Analyssa is a co-host of the To L and Back podcast: Gen Q edition. She lives in LA, works at a TV studio, and can often be found binge-watching an ABC drama from 2008. You can follow her on Twitter, Instagram, or her social media of choice, Letterboxd.

Analyssa has written 58 articles for us.

7 Comments

  1. This is a great review! Jenna Ortega was fantastic and I thought the movie’s choices regarding what they focused on were very well-done. It *was* pretty bleak, and I finally turned it off. I’m glad they weren’t focusing on a particularly redemptive or hopeful arc.

    I was also confused about the school in general — things seemed to have returned to normal by the time she went back, which surprised me. Like, she’s still just asking to leave class unattended to use the restroom and they’re all sure ok?

    “Vada opens up to her therapist (played, inexplicably by Shailene Woodley, which gave me a genuine jump-scare).” ROFL same.

    • Thank you xx I totally get choosing to turn it off. It is a pretty bleak movie, ultimately though Jenna was so compelling to me that I still wanted to watch to the end, to make sure she was going to be okay. But I liked that it didn’t go for a super linear, somewhat cheesy uplifting end!

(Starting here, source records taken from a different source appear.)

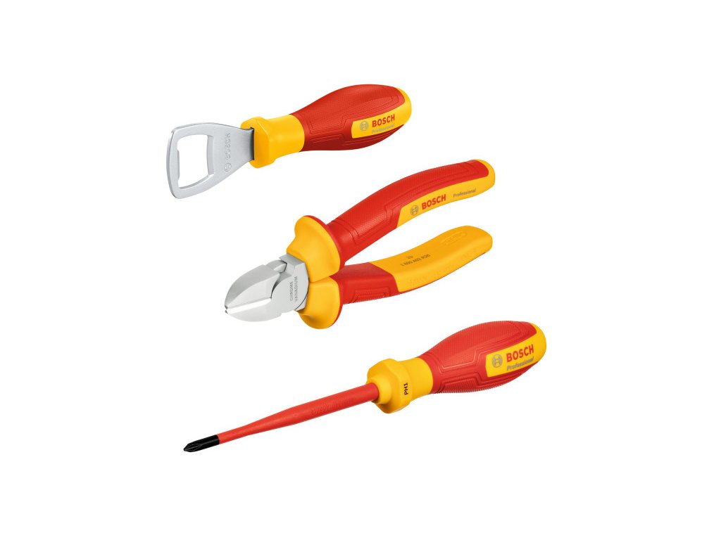 Limitovaná edícia 3 nástrojov: 1 skrutkovač VDE, 1 bočný rezák VDE a 1 otvárač na fľaše Otvárač na fľaše je dostupný iba v tejto súprave 2 nástroje VDE sú certifikované podľa DIN EN/IEC 60900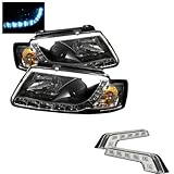 | Carpart4u Volkswagen Passat 1PC DRL LED Black Projector Headlights and LED Day Time Running Light Package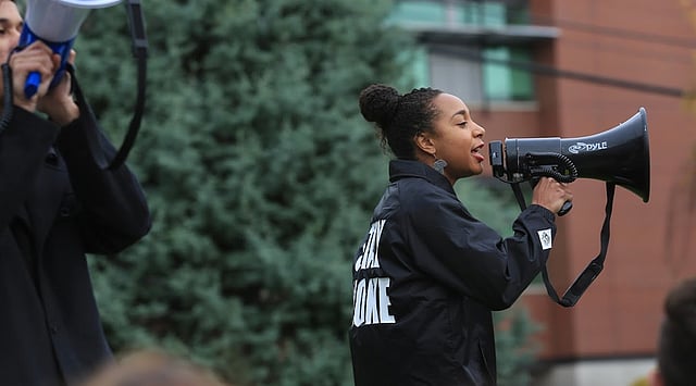 MK: There's a photograph of you from November of 2015 with a megaphone. You are wearing a jacket with the words, "Stay Woke". Tell me about that photograph.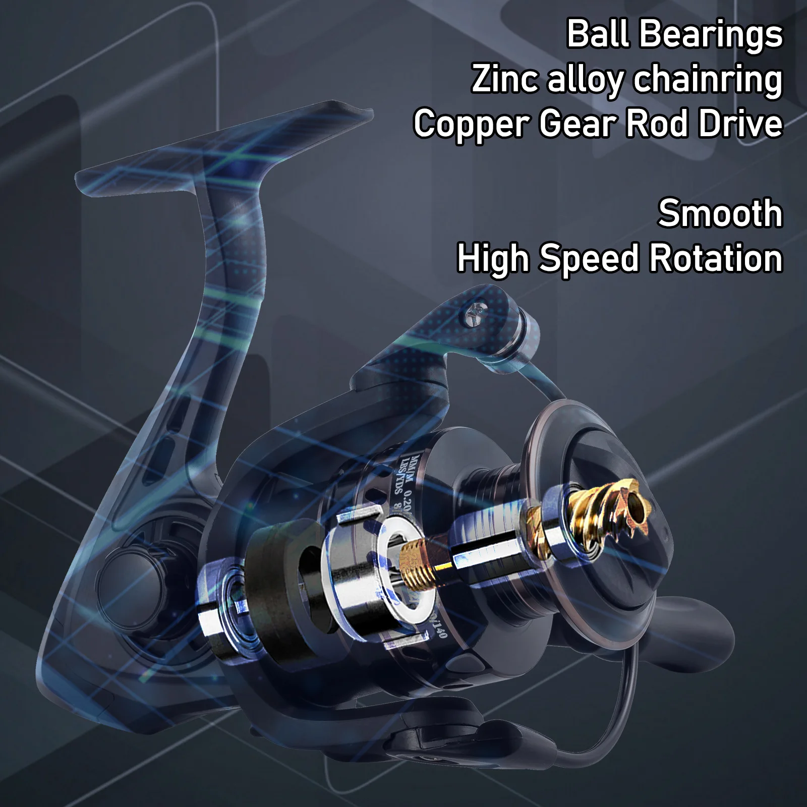 4. Carrete giratorio: El giratorio tiene un mango intercambiable izquierdo/derecho, lo que le permite personalizarlo según sus preferencias. La función antirretroceso de bloqueo instantáneo garantiza un juego de ganchos sólido, mientras que el carrete de metal duradero y la relación de engranaje de 5,2: 1 proporcionan un rendimiento suave y fiable.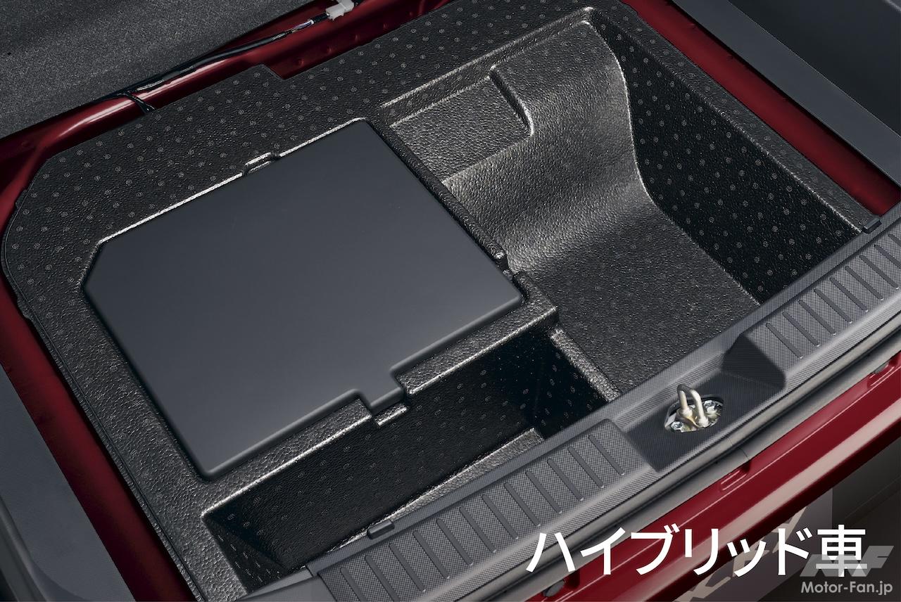 こうなると、後席の広さがラゲッジに影響を及ぼしそうなものだが、荷室も広い。通常時でも奥行きは長く、後席使用時でも369Lを確保し、床下収納(デッキボード下)も驚くほど深く、デッキボード下を含めると449Lに達する。6対4分割可倒式の後席背もたれを前倒しすると、段差は残るものの、広大な積載スペースを確保。2人までのキャンプなら十分にカバーできそうな積載力で、BセグメントSUVを含めてもトップクラスの荷室容量を誇っている。なお、トヨタ・ヤリスクロスの荷室容量は371L、マツダCX-3は350L、マツダCX-30は430L、日産キックスは423Lなどとなっていて、売れ筋のBセグSUVよりも広い。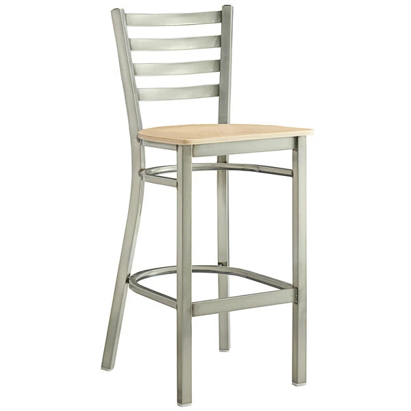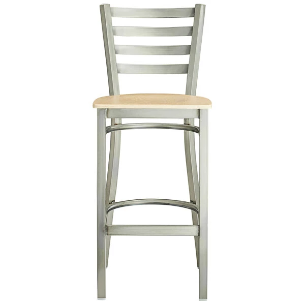 Lancaster Table & Seating Clear Coat Finish Ladder Back Bar Stool With Natural Wood Seat

      Even her returning to class and it being full of kids…they’re all just totally fine? Are the teachers? Does it just go back to business as usual? Really felt like the finer details of all of that, while not the most important part of the movie by far, would have helped contextualize the whole thing.

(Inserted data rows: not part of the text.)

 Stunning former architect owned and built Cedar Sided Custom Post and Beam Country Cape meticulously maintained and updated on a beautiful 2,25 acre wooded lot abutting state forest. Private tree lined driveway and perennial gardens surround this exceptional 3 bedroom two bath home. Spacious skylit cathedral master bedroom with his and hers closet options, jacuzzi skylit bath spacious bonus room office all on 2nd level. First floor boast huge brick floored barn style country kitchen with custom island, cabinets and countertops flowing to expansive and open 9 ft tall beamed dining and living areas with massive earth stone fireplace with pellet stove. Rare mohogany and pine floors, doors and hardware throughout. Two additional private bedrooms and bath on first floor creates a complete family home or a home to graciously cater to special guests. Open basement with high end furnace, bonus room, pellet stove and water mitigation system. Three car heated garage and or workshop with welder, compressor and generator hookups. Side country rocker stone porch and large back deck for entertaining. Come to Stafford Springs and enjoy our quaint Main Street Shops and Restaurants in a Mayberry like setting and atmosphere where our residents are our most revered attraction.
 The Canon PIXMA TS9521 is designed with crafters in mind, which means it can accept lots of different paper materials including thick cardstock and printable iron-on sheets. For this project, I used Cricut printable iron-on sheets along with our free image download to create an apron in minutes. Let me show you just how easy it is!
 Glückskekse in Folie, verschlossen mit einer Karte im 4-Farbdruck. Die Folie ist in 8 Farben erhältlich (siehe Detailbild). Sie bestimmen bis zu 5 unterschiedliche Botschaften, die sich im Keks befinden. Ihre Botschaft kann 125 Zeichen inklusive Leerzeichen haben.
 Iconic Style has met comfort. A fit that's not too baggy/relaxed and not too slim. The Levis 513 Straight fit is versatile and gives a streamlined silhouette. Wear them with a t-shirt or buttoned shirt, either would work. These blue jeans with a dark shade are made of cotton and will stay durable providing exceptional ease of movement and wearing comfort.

      Shailene was such a surprise.

  2. Thanks for writing about this film, Analyssa. I’m glad I watched this (but I also generally am down for bleaker stories like this), but mostly for Jenna Ortega. She felt like the character given the most depth whereas many of the others bordered on being a bit too one note. I also felt that the mother character was so overdrawn. There are so many more realistic and subtle or complex ways she could have conveyed how much she wanted/believed Vada was ok.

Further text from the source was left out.